START AVAILABLE RECORDS

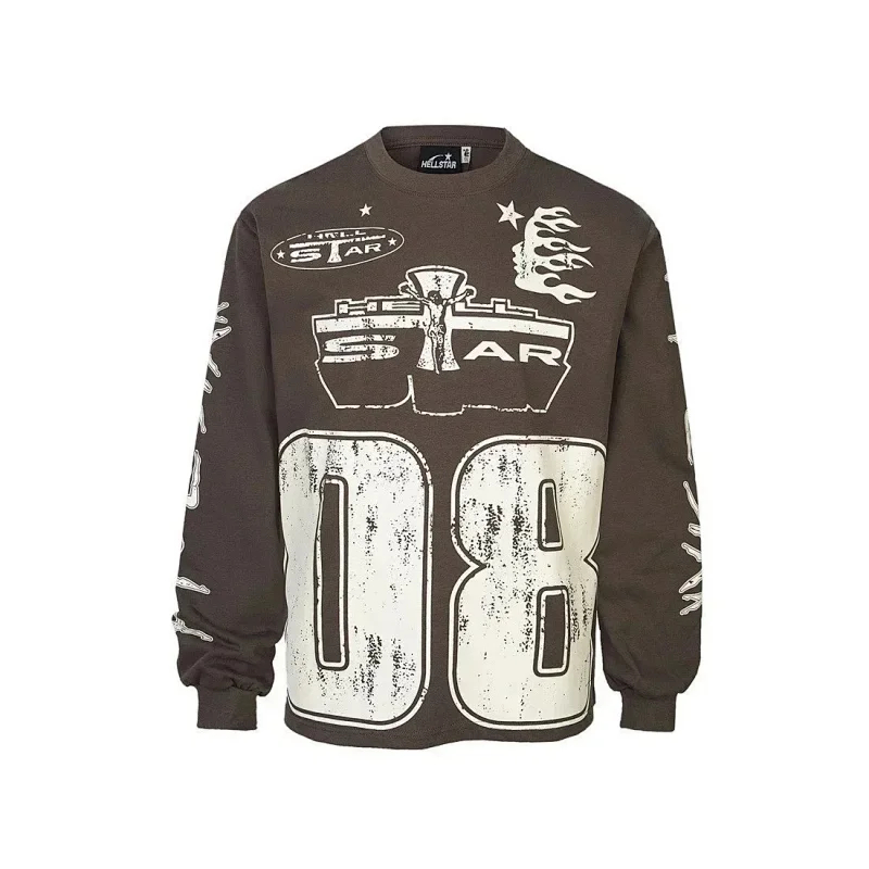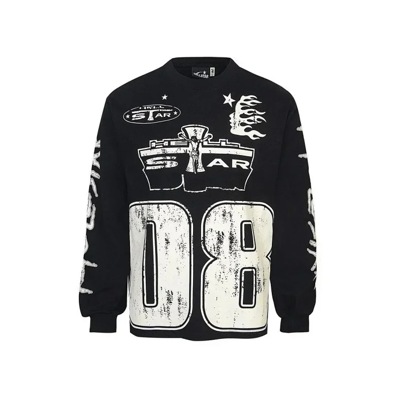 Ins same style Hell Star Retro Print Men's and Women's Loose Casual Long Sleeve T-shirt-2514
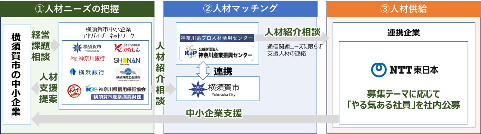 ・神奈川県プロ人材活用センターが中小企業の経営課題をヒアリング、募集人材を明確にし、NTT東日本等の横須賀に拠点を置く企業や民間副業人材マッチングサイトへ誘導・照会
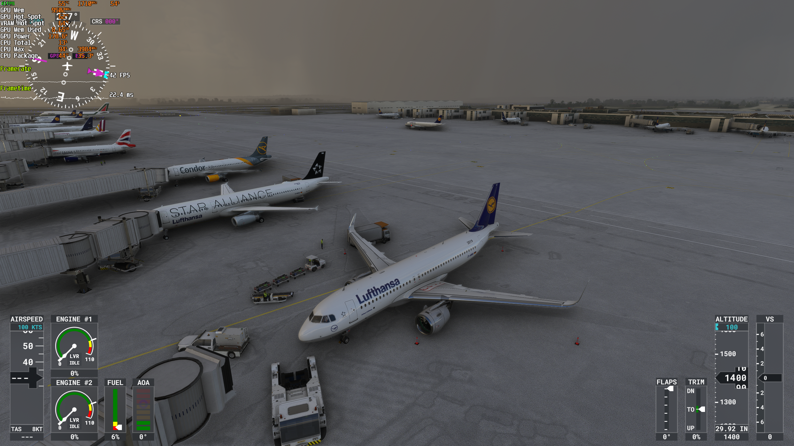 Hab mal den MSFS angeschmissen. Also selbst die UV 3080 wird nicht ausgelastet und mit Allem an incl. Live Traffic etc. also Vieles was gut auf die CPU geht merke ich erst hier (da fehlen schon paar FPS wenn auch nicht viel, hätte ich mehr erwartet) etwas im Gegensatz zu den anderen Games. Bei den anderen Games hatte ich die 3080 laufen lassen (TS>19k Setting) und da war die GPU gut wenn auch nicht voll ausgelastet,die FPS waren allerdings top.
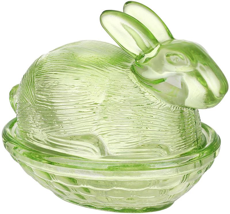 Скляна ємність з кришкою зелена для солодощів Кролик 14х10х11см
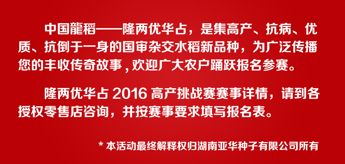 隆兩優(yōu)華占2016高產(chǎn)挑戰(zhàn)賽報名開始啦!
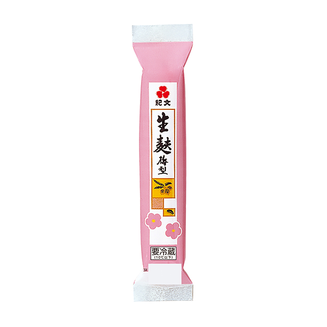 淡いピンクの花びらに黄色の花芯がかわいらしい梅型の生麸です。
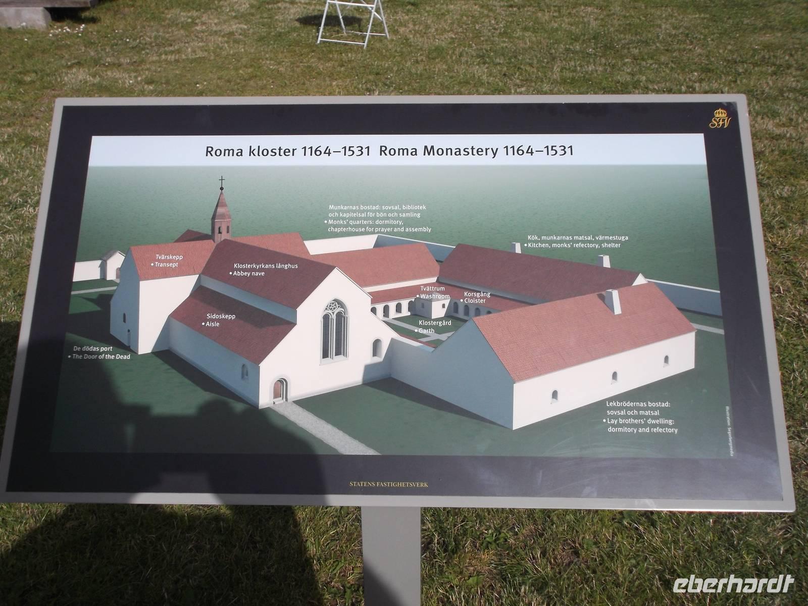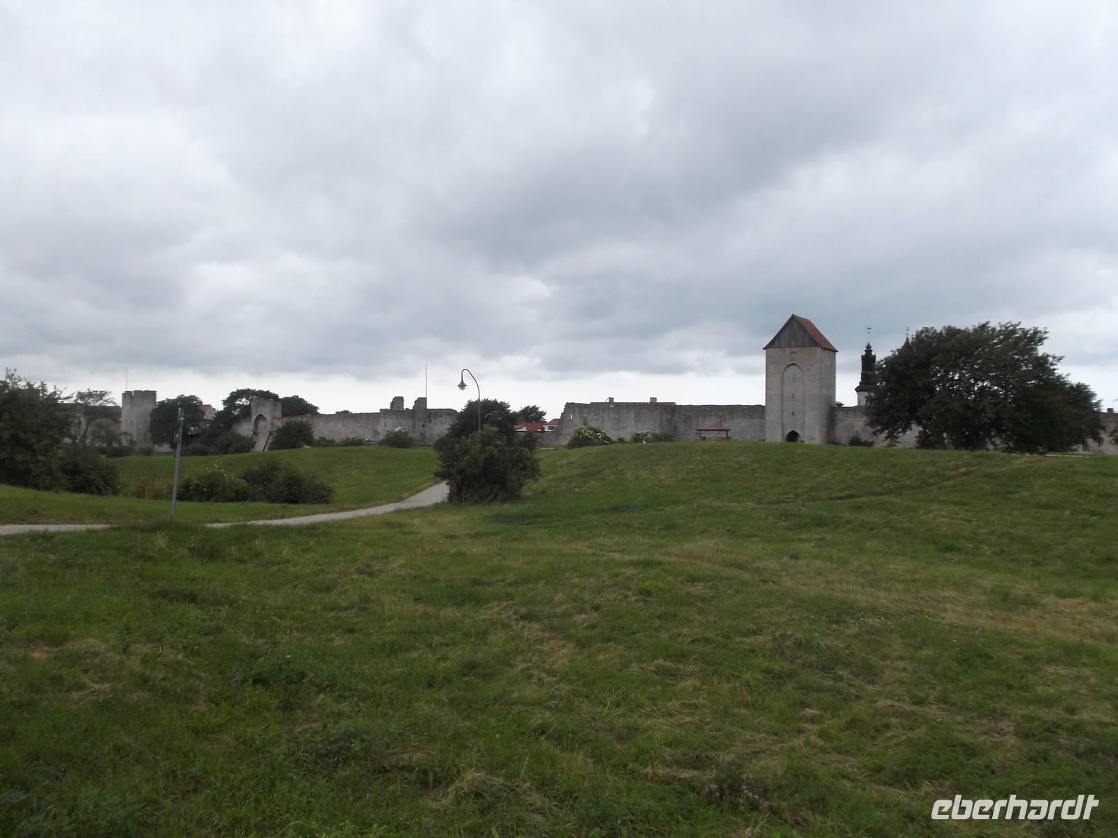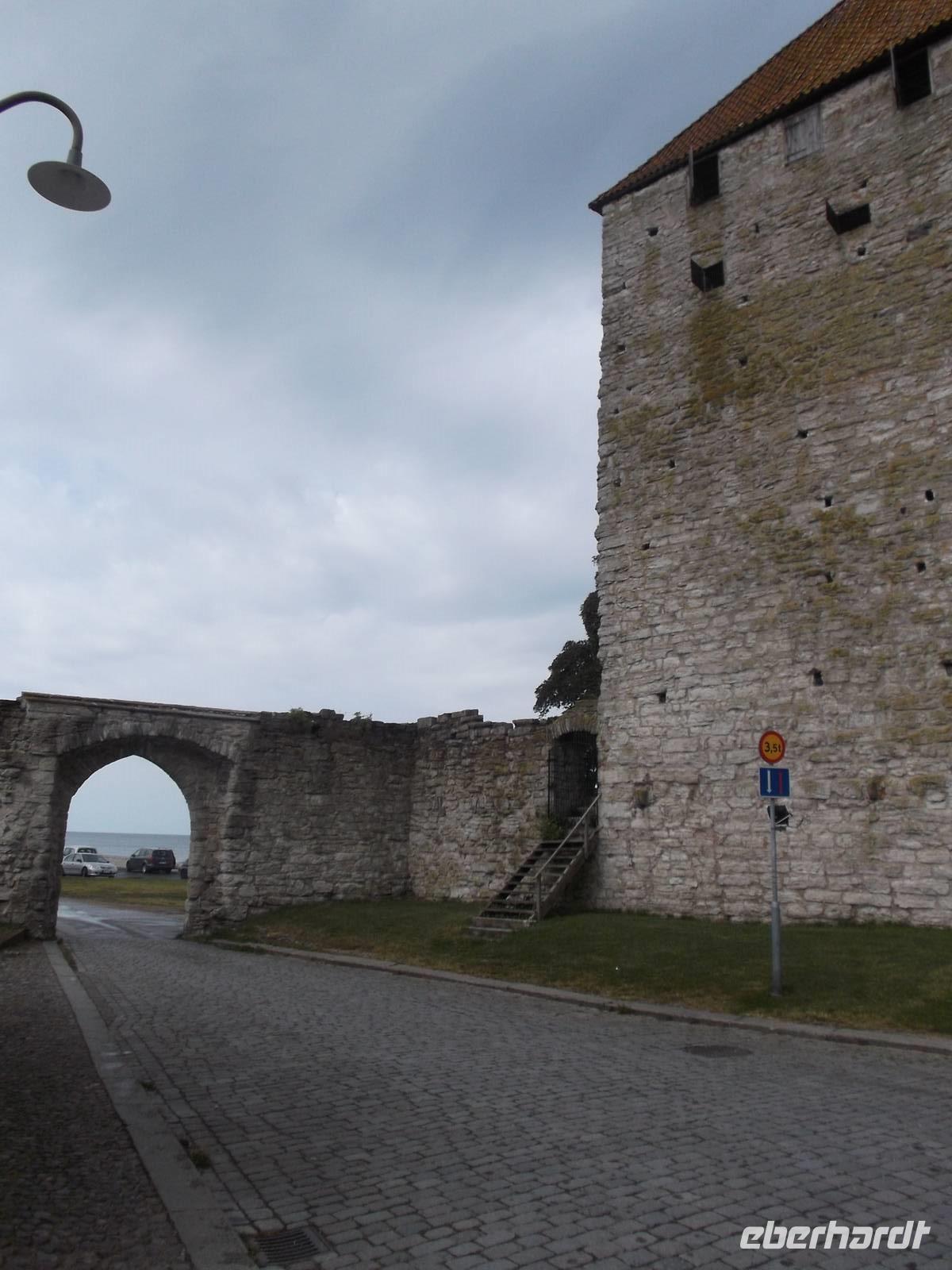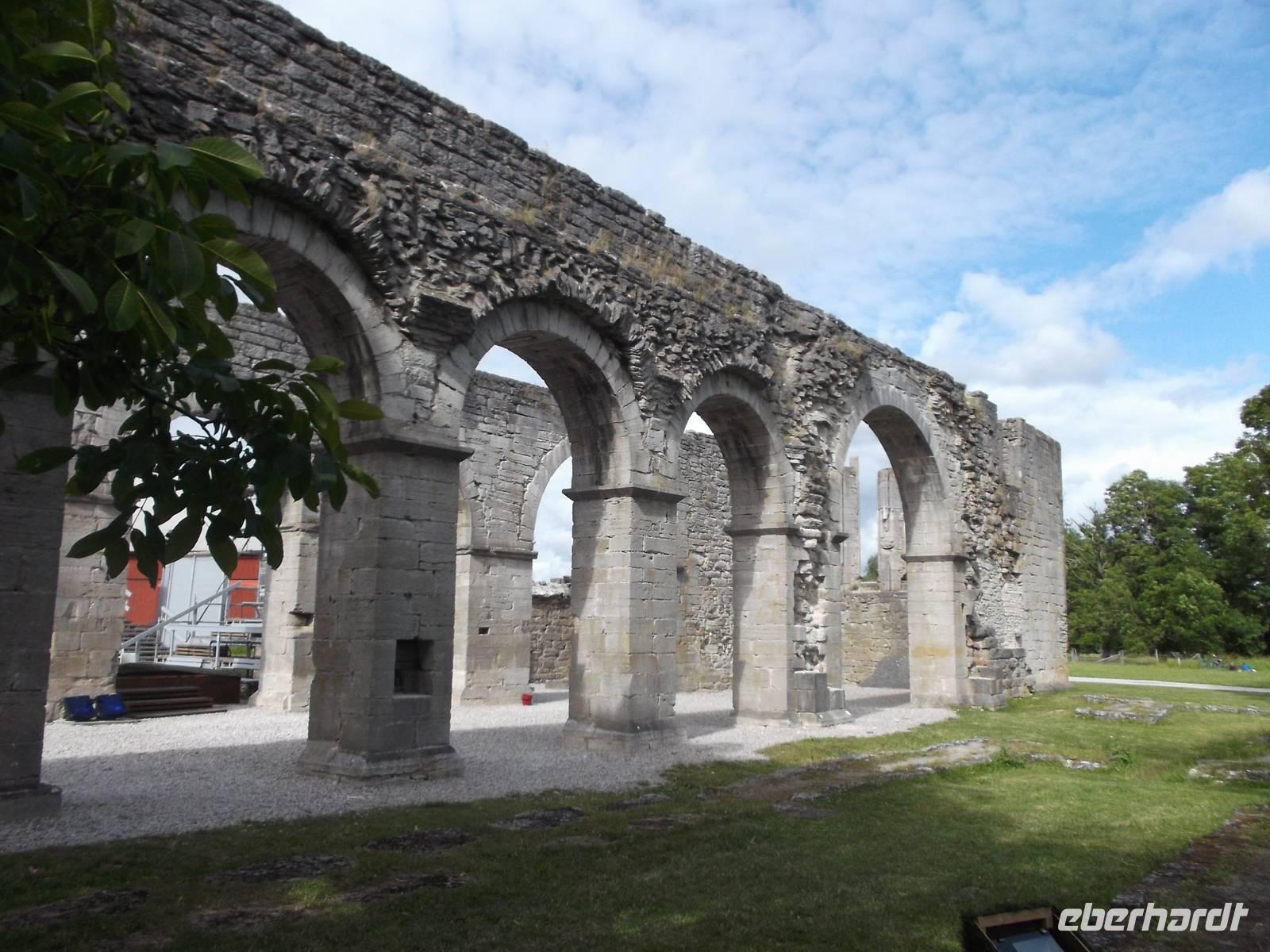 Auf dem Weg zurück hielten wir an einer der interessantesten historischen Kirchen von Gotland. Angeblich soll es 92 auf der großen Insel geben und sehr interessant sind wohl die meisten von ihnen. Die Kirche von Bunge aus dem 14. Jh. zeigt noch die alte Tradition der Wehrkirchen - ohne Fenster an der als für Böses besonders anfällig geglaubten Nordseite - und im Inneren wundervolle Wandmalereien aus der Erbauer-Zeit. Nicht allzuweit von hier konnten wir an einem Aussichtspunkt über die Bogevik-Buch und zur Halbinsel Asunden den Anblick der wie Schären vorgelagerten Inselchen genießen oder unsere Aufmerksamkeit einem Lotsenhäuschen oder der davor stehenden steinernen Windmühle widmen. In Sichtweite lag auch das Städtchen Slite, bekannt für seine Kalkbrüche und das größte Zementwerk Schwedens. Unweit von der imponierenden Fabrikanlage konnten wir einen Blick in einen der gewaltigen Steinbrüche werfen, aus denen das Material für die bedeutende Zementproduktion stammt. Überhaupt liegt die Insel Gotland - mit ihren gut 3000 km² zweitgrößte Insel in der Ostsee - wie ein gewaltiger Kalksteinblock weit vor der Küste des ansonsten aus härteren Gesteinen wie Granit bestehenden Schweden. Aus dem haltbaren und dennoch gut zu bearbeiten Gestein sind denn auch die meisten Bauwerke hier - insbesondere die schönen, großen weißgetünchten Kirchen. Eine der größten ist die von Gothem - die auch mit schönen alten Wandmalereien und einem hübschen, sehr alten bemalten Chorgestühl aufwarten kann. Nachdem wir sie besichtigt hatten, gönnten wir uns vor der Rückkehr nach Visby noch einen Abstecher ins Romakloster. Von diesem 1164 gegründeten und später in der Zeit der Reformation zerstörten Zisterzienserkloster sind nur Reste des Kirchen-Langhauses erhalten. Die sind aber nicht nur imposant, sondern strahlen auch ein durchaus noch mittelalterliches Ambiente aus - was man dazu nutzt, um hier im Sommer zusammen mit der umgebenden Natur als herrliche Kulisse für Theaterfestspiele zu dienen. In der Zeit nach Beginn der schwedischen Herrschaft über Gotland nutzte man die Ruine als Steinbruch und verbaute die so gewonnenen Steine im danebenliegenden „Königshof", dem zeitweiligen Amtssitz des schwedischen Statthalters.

END AVAILABLE RECORDS

*YOUR INSTRUCTIONS*: Using the material above, retype each entry exactly and omit the pictures.

*TASK RESULT*:
 Ins same style Hell Star Retro Print Men's and Women's Loose Casual Long Sleeve T-shirt-2514
 ・神奈川県プロ人材活用センターが中小企業の経営課題をヒアリング、募集人材を明確にし、NTT東日本等の横須賀に拠点を置く企業や民間副業人材マッチングサイトへ誘導・照会
 Hab mal den MSFS angeschmissen. Also selbst die UV 3080 wird nicht ausgelastet und mit Allem an incl. Live Traffic etc. also Vieles was gut auf die CPU geht merke ich erst hier (da fehlen schon paar FPS wenn auch nicht viel, hätte ich mehr erwartet) etwas im Gegensatz zu den anderen Games. Bei den anderen Games hatte ich die 3080 laufen lassen (TS>19k Setting) und da war die GPU gut wenn auch nicht voll ausgelastet,die FPS waren allerdings top.
 Скляна ємність з кришкою зелена для солодощів Кролик 14х10х11см
 隆兩優(yōu)華占2016高產(chǎn)挑戰(zhàn)賽報名開始啦!
 淡いピンクの花びらに黄色の花芯がかわいらしい梅型の生麸です。
 Auf dem Weg zurück hielten wir an einer der interessantesten historischen Kirchen von Gotland. Angeblich soll es 92 auf der großen Insel geben und sehr interessant sind wohl die meisten von ihnen. Die Kirche von Bunge aus dem 14. Jh. zeigt noch die alte Tradition der Wehrkirchen - ohne Fenster an der als für Böses besonders anfällig geglaubten Nordseite - und im Inneren wundervolle Wandmalereien aus der Erbauer-Zeit. Nicht allzuweit von hier konnten wir an einem Aussichtspunkt über die Bogevik-Buch und zur Halbinsel Asunden den Anblick der wie Schären vorgelagerten Inselchen genießen oder unsere Aufmerksamkeit einem Lotsenhäuschen oder der davor stehenden steinernen Windmühle widmen. In Sichtweite lag auch das Städtchen Slite, bekannt für seine Kalkbrüche und das größte Zementwerk Schwedens. Unweit von der imponierenden Fabrikanlage konnten wir einen Blick in einen der gewaltigen Steinbrüche werfen, aus denen das Material für die bedeutende Zementproduktion stammt. Überhaupt liegt die Insel Gotland - mit ihren gut 3000 km² zweitgrößte Insel in der Ostsee - wie ein gewaltiger Kalksteinblock weit vor der Küste des ansonsten aus härteren Gesteinen wie Granit bestehenden Schweden. Aus dem haltbaren und dennoch gut zu bearbeiten Gestein sind denn auch die meisten Bauwerke hier - insbesondere die schönen, großen weißgetünchten Kirchen. Eine der größten ist die von Gothem - die auch mit schönen alten Wandmalereien und einem hübschen, sehr alten bemalten Chorgestühl aufwarten kann. Nachdem wir sie besichtigt hatten, gönnten wir uns vor der Rückkehr nach Visby noch einen Abstecher ins Romakloster. Von diesem 1164 gegründeten und später in der Zeit der Reformation zerstörten Zisterzienserkloster sind nur Reste des Kirchen-Langhauses erhalten. Die sind aber nicht nur imposant, sondern strahlen auch ein durchaus noch mittelalterliches Ambiente aus - was man dazu nutzt, um hier im Sommer zusammen mit der umgebenden Natur als herrliche Kulisse für Theaterfestspiele zu dienen. In der Zeit nach Beginn der schwedischen Herrschaft über Gotland nutzte man die Ruine als Steinbruch und verbaute die so gewonnenen Steine im danebenliegenden „Königshof", dem zeitweiligen Amtssitz des schwedischen Statthalters.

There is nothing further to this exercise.